Transcribe the listing exactly as written. Leave the images out.

## Material provided
+---+

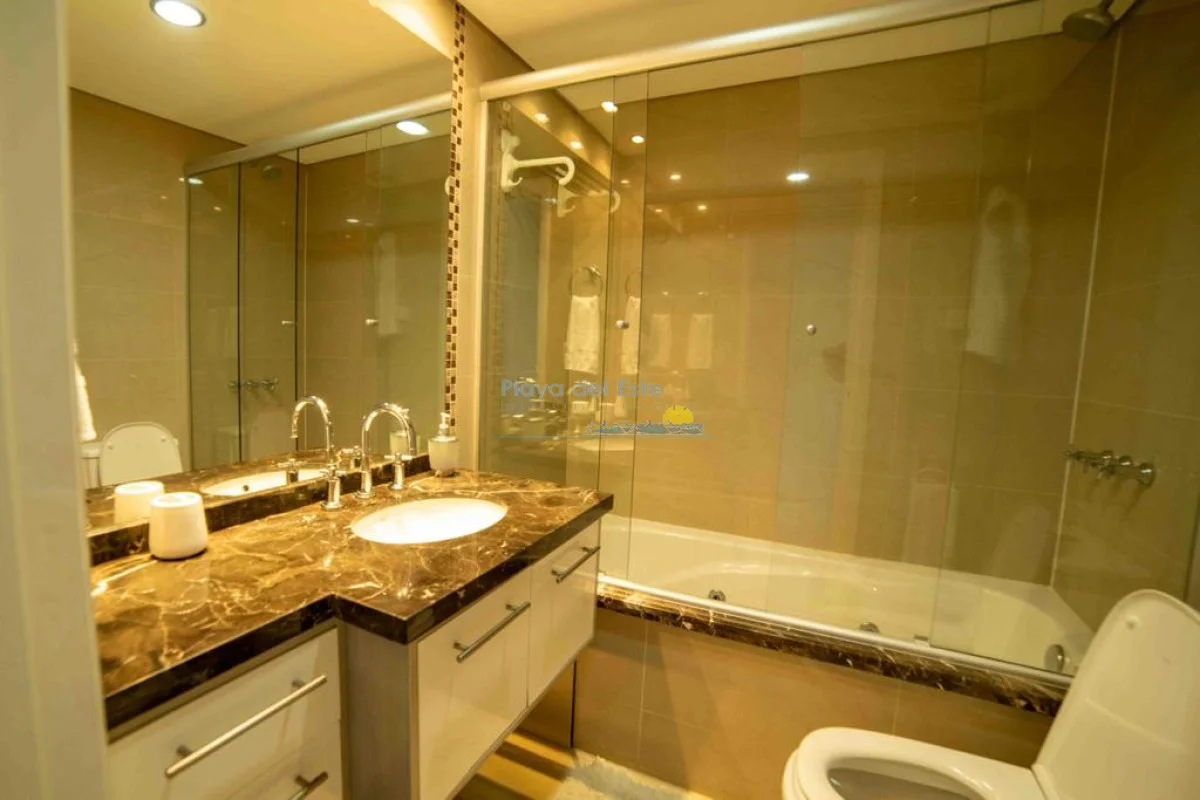Apartamento piso alto en moderna torre ubicada a pasos de la Playa Mansa en Punta del Este.
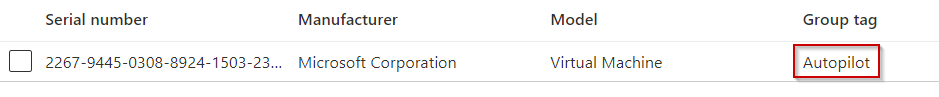 If we look at our autopilot devices, we can see the device was enrolled in autopilot with our specified grouptag from the script:
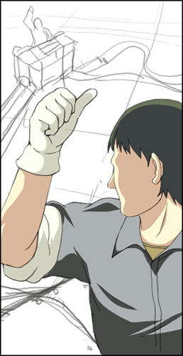 オッサン、彩色。TVアニメ風なエフェクト入れてます。

+---+

## Expected answer
Apartamento piso alto en moderna torre ubicada a pasos de la Playa Mansa en Punta del Este.
 If we look at our autopilot devices, we can see the device was enrolled in autopilot with our specified grouptag from the script:
 オッサン、彩色。TVアニメ風なエフェクト入れてます。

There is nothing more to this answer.